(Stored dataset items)
◇ ◇ ◇ ◇ ◇ ◇ ◇
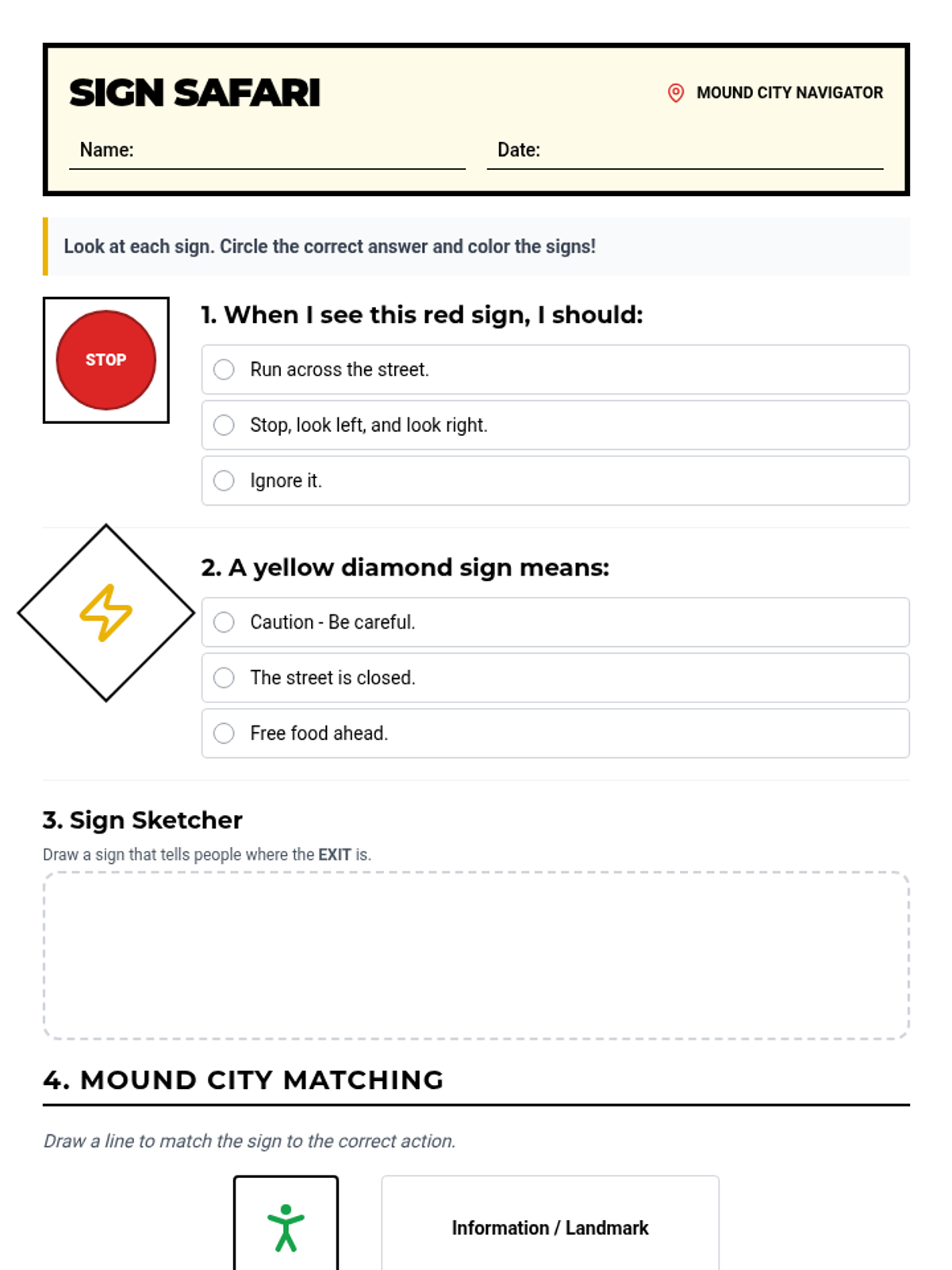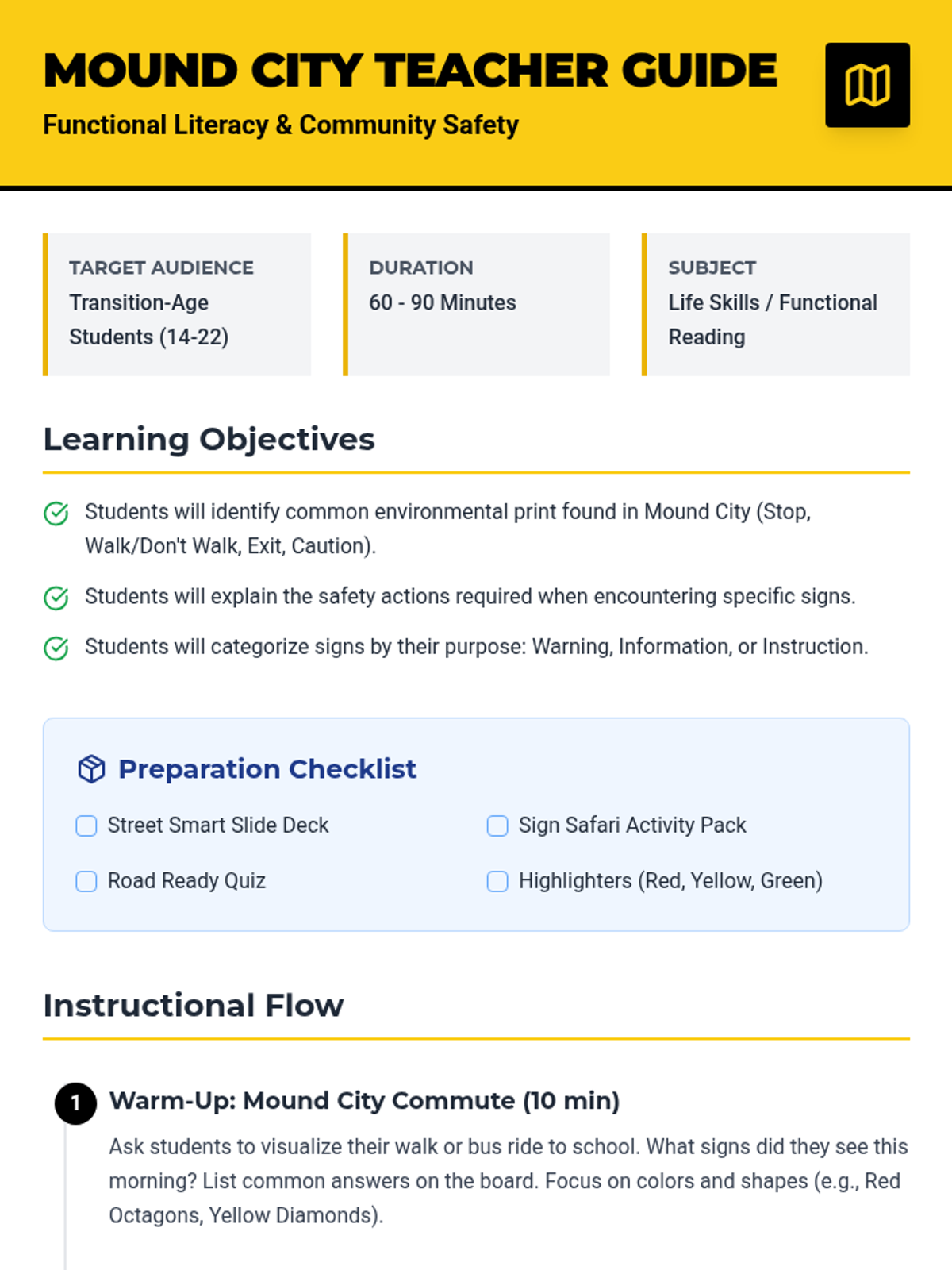 A functional literacy lesson for transition-age students focused on identifying and interpreting environmental print and safety signs in the Mound City community. Students build real-world independence through sign recognition and situational awareness.
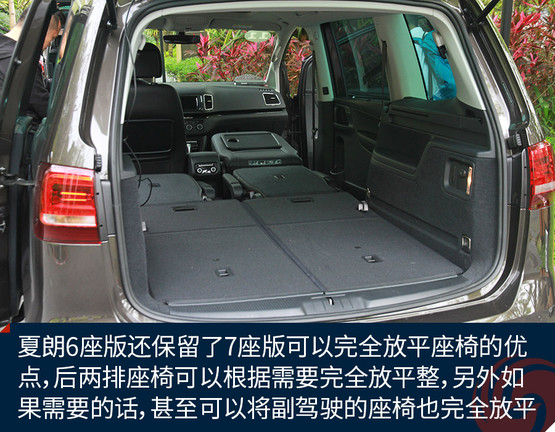 同時(shí),夏朗6座版還保留了7座版可以完全放平座椅的優(yōu)點(diǎn),后兩排座椅可以根據(jù)需要完全放平整,只不過(guò)6座版在第二排中間會(huì)有個(gè)洞,不像7座版那么完美。另外如果需要的話(huà),甚至可以將副駕駛的座椅也完全放平,將夏朗變成一款“商用車(chē)”。
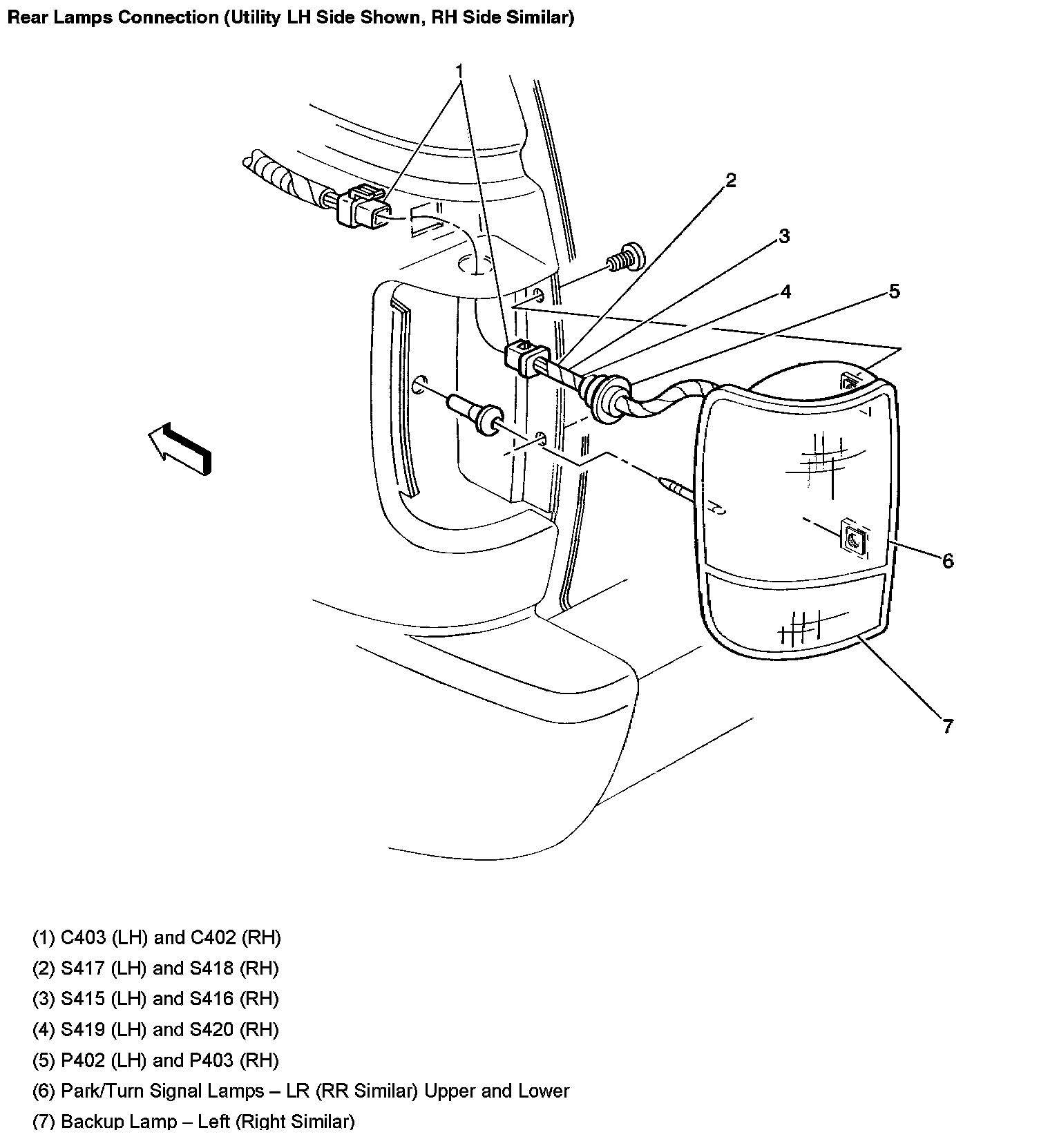 Rear Lamps Connection (LH Side Shown, RH Side Similar):
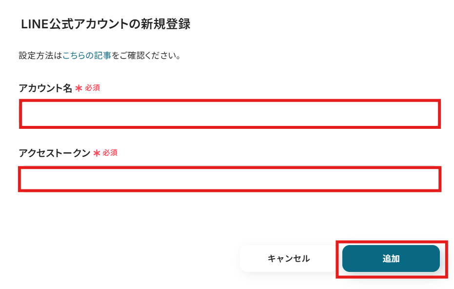 「アカウント名」と「アクセストークン」を入力して「追加」をクリックします。
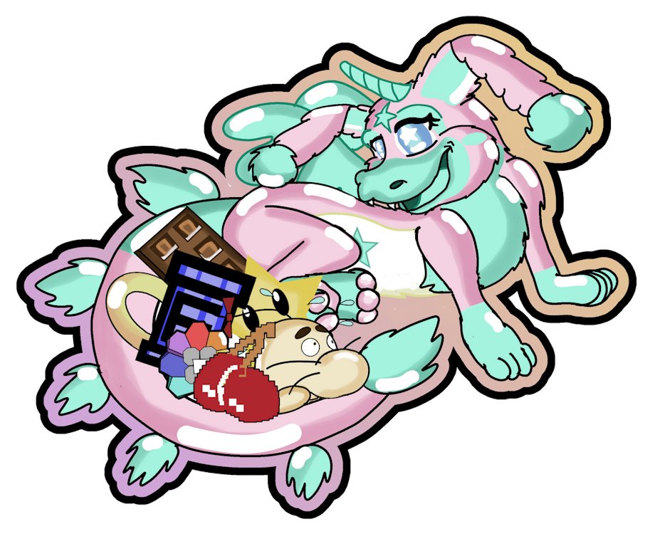 Dragons LOVE hoarding stuff and angel dragons are no exception! Check out Spun Sugar the angel dragon's hoard of video game power ups and items. Can you name any of them?
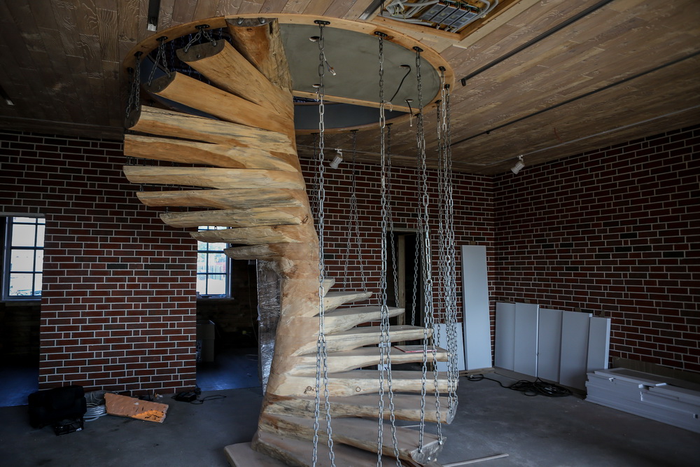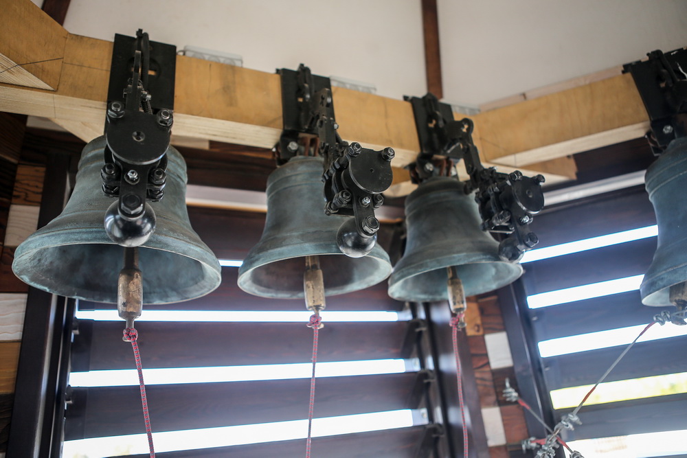 Ещё выше, к самим колоколам, нужно подниматься по простой деревянной лесенке. Из окон башни открывается вид на новое общественное пространство.
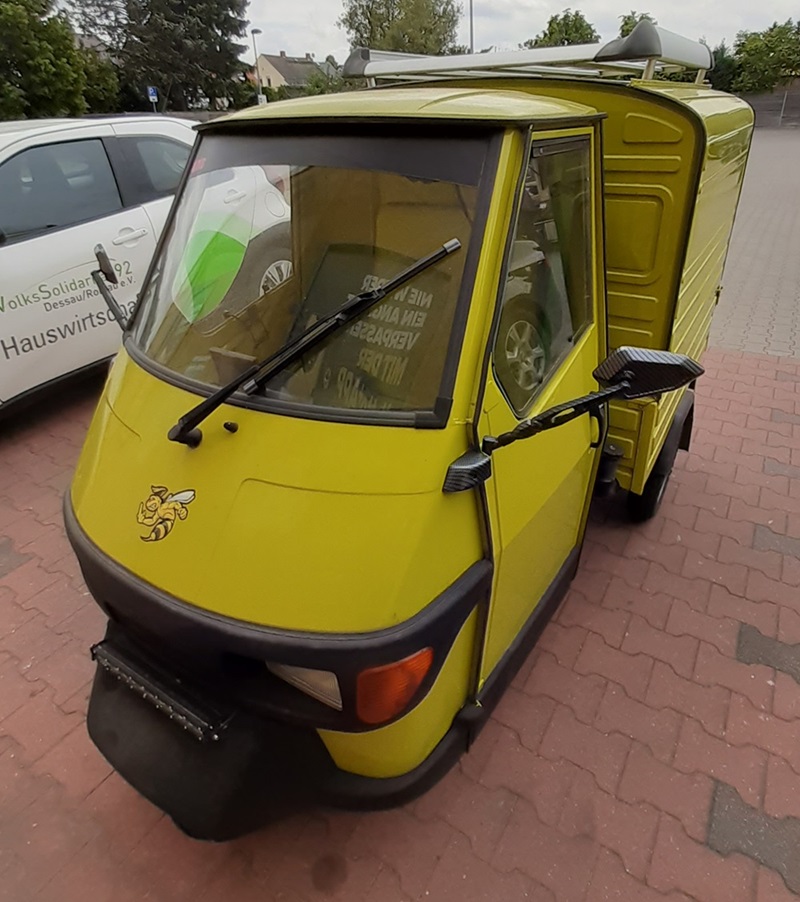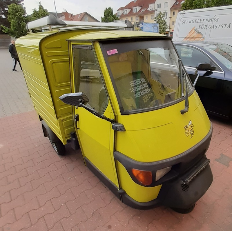 wieder mal eine Kaffee-Ape aus München (trotz des Kennzeichens vom Ostseestrand am PKW dahinter...).
◇ ◇ ◇ ◇ ◇ ◇ ◇
What is being asked :: All pictures are to be skipped. Output, word for word, the lines in the data above starting at the line containing "同時(shí),夏朗6座版還" and ending at the line containing "Dragons LOVE hoarding".

Reply to the exercise ::
 同時(shí),夏朗6座版還保留了7座版可以完全放平座椅的優(yōu)點(diǎn),后兩排座椅可以根據(jù)需要完全放平整,只不過(guò)6座版在第二排中間會(huì)有個(gè)洞,不像7座版那么完美。另外如果需要的話(huà),甚至可以將副駕駛的座椅也完全放平,將夏朗變成一款“商用車(chē)”。
 Rear Lamps Connection (LH Side Shown, RH Side Similar):
 「アカウント名」と「アクセストークン」を入力して「追加」をクリックします。
 Dragons LOVE hoarding stuff and angel dragons are no exception! Check out Spun Sugar the angel dragon's hoard of video game power ups and items. Can you name any of them?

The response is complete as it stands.